Department of Life Science and Medical Bioscience, Graduate School of Advanced Science and Engineering, Waseda University, 2-2 Wakamatsucho, Shinjuku-ku, Tokyo, 162-8480, Japan.
Computational Bio Big-Data Open Innovation Laboratory (CBBD-OIL), National Institute of Advanced Industrial Science and Technology, 3-4-1 Okubo, Shinjuku-ku, Tokyo, 169-8555, Japan.
Microbiome. 2020 Jan 23;8(1):5. doi: 10.1186/s40168-019-0779-2.
The gut microbiota can have dramatic effects on host metabolism; however, current genomic strategies for uncultured bacteria have several limitations that hinder their ability to identify responders to metabolic changes in the microbiota. In this study, we describe a novel single-cell genomic sequencing technique that can identify metabolic responders at the species level without the need for reference genomes, and apply this method to identify bacterial responders to an inulin-based diet in the mouse gut microbiota.
Inulin-feeding changed the mouse fecal microbiome composition to increase Bacteroides spp., resulting in the production of abundant succinate in the mouse intestine. Using our massively parallel single-cell genome sequencing technique, named SAG-gel platform, we obtained 346 single-amplified genomes (SAGs) from mouse gut microbes before and after dietary inulin supplementation. After quality control, the SAGs were classified as 267 bacteria, spanning 2 phyla, 4 classes, 7 orders, and 14 families, and 31 different strains of SAGs were graded as high- and medium-quality draft genomes. From these, we have successfully obtained the genomes of the dominant inulin-responders, Bacteroides spp., and identified their polysaccharide utilization loci and their specific metabolic pathways for succinate production.
Our single-cell genomics approach generated a massive amount of SAGs, enabling a functional analysis of uncultured bacteria in the intestinal microbiome. This enabled us to estimate metabolic lineages involved in the bacterial fermentation of dietary fiber and metabolic outcomes such as short-chain fatty acid production in the intestinal environment based on the fibers ingested. The technique allows the in-depth isolation and characterization of uncultured bacteria with specific functions in the microbiota and could be exploited to improve human and animal health. Video abstract.

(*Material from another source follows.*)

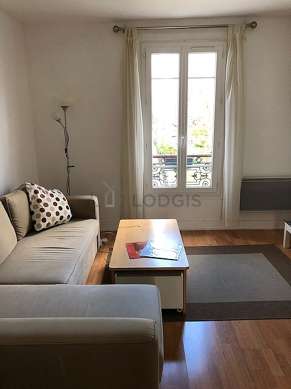 SalónEste apartamento está formado por un salón con parquet en el suelo y ventanas. Este salón muy tanquilo está amueblado y equipado para que su estancia sea agradable : televisor, sábanas, sofá, mesa, estantería, cómoda, armario empotrado.

肠道微生物组对宿主代谢有显著影响;然而,目前用于未培养细菌的基因组策略存在一些限制,这些限制阻碍了它们识别微生物组代谢变化的响应者的能力。在这项研究中,我们描述了一种新的单细胞基因组测序技术,该技术可以在不需要参考基因组的情况下在物种水平上识别代谢响应者,并应用该方法来识别小鼠肠道微生物群中菊粉基饮食的细菌响应者。
菊粉喂养改变了小鼠粪便微生物组的组成,增加了拟杆菌属,导致小鼠肠道中产生丰富的琥珀酸。使用我们的大规模平行单细胞基因组测序技术,名为 SAG-gel 平台,我们从喂食菊粉前后的小鼠肠道微生物中获得了 346 个单扩增基因组(SAG)。经过质量控制,SAG 被分类为 267 种细菌,跨越 2 个门、4 个纲、7 个目和 14 个科,31 个不同的 SAG 菌株被评为高质量和中质量的草案基因组。从中,我们成功获得了优势菊粉响应者拟杆菌属的基因组,并鉴定了它们的多糖利用基因座及其特定的琥珀酸生产代谢途径。
我们的单细胞基因组学方法产生了大量的 SAG,使我们能够对肠道微生物组中未培养细菌进行功能分析。这使我们能够根据摄入的纤维估计参与细菌发酵膳食纤维的代谢谱系以及肠道环境中短链脂肪酸产生等代谢结果。该技术允许对具有特定功能的未培养细菌进行深入分离和表征,并且可以用于改善人类和动物的健康。视频摘要。